### What is expected
Pull every line holding the word "that" from the data below and copy it.

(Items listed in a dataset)
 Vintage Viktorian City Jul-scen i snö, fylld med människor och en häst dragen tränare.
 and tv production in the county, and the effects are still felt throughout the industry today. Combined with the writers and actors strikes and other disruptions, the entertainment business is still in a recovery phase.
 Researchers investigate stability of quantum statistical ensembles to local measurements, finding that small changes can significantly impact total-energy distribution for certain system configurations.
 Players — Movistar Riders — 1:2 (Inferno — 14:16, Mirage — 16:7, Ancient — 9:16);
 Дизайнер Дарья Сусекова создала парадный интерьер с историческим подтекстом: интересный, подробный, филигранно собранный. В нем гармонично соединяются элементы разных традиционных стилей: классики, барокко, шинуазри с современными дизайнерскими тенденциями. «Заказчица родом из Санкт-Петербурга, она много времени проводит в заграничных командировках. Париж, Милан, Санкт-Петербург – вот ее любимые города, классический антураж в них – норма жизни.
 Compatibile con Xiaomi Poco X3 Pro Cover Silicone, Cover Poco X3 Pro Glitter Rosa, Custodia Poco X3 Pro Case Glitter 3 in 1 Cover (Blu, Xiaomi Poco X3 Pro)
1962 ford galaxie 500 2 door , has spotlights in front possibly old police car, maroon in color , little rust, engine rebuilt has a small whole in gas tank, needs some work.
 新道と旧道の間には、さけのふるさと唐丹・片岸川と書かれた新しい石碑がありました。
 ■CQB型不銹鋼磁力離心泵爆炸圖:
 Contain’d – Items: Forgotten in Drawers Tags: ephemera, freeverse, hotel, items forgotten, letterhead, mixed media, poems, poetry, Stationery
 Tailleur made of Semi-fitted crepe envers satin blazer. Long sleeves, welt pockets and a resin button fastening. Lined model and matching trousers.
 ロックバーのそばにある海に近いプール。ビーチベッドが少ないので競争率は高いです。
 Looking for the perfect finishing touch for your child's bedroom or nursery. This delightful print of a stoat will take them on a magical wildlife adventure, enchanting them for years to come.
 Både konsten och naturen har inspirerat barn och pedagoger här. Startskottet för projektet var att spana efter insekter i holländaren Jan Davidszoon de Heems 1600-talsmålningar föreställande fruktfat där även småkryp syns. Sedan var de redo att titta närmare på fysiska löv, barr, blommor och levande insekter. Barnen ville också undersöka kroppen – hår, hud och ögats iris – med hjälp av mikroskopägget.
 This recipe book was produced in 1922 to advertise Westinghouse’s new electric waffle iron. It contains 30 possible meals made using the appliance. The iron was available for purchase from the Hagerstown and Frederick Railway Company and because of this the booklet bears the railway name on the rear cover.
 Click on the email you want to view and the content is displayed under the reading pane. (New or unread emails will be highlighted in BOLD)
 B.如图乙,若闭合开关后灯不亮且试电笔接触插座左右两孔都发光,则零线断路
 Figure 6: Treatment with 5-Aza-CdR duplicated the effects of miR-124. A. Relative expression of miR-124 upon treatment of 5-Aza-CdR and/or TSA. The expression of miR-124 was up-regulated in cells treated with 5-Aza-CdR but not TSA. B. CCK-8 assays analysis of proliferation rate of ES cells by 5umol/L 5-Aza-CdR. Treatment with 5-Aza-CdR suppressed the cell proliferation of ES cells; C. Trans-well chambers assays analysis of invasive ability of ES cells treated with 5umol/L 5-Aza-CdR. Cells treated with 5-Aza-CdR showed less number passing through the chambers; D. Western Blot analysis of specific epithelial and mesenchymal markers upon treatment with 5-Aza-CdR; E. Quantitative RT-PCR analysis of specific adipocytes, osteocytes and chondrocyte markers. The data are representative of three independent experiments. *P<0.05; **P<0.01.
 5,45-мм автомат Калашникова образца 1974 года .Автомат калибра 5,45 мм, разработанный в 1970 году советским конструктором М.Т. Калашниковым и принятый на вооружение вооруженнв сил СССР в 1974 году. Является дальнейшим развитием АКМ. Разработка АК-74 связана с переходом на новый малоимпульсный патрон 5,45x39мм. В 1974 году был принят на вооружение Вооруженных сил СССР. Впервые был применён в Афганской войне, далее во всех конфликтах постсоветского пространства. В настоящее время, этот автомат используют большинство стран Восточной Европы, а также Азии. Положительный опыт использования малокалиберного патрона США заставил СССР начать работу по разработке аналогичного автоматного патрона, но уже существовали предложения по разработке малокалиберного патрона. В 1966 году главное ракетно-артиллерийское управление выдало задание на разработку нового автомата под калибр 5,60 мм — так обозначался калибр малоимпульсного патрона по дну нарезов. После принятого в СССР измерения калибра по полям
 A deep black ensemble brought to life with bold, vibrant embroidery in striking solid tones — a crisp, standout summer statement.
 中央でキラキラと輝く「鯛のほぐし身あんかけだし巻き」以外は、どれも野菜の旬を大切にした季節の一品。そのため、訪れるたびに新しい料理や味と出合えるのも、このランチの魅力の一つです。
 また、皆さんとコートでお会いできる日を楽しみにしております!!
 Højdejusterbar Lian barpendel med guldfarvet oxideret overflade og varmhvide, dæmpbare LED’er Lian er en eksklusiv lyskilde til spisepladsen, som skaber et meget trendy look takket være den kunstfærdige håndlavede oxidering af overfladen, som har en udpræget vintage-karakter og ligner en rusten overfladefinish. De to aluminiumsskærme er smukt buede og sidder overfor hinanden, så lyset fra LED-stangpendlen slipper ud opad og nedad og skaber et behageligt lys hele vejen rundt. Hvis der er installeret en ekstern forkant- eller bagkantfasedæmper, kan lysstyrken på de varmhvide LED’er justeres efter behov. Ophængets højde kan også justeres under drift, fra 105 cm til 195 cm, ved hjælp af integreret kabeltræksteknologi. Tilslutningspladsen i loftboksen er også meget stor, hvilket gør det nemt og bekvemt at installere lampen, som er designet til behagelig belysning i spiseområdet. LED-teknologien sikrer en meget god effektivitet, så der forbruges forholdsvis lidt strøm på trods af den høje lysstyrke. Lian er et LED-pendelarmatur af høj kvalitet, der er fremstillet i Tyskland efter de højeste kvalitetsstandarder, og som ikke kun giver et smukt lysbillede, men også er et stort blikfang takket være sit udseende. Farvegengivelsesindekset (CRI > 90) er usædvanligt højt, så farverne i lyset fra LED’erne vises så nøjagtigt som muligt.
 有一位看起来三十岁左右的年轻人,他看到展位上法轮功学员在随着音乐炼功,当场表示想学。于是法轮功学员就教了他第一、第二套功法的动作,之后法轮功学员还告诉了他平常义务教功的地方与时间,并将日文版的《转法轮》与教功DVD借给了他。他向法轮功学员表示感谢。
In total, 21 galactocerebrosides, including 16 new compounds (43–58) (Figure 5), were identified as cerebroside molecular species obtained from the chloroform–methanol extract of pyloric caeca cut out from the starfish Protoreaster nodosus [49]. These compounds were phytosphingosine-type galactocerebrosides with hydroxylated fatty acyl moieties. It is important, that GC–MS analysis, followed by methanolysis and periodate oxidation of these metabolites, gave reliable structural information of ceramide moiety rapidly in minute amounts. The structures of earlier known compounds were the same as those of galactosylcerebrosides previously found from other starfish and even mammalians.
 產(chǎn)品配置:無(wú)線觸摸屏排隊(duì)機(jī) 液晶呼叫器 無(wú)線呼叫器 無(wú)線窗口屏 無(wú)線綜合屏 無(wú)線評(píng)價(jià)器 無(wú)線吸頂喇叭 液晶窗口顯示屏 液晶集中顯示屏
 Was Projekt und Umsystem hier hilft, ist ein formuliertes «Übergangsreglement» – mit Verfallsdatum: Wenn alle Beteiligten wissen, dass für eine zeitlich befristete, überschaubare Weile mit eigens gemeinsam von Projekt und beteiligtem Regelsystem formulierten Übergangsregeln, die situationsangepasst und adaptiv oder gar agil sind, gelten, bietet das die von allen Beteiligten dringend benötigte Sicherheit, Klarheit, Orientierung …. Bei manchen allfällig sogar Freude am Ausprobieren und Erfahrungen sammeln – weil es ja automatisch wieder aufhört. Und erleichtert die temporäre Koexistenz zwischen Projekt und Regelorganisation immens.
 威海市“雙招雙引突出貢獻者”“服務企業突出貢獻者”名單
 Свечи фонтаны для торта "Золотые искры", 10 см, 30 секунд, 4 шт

### Answer below
 Researchers investigate stability of quantum statistical ensembles to local measurements, finding that small changes can significantly impact total-energy distribution for certain system configurations.
In total, 21 galactocerebrosides, including 16 new compounds (43–58) (Figure 5), were identified as cerebroside molecular species obtained from the chloroform–methanol extract of pyloric caeca cut out from the starfish Protoreaster nodosus [49]. These compounds were phytosphingosine-type galactocerebrosides with hydroxylated fatty acyl moieties. It is important, that GC–MS analysis, followed by methanolysis and periodate oxidation of these metabolites, gave reliable structural information of ceramide moiety rapidly in minute amounts. The structures of earlier known compounds were the same as those of galactosylcerebrosides previously found from other starfish and even mammalians.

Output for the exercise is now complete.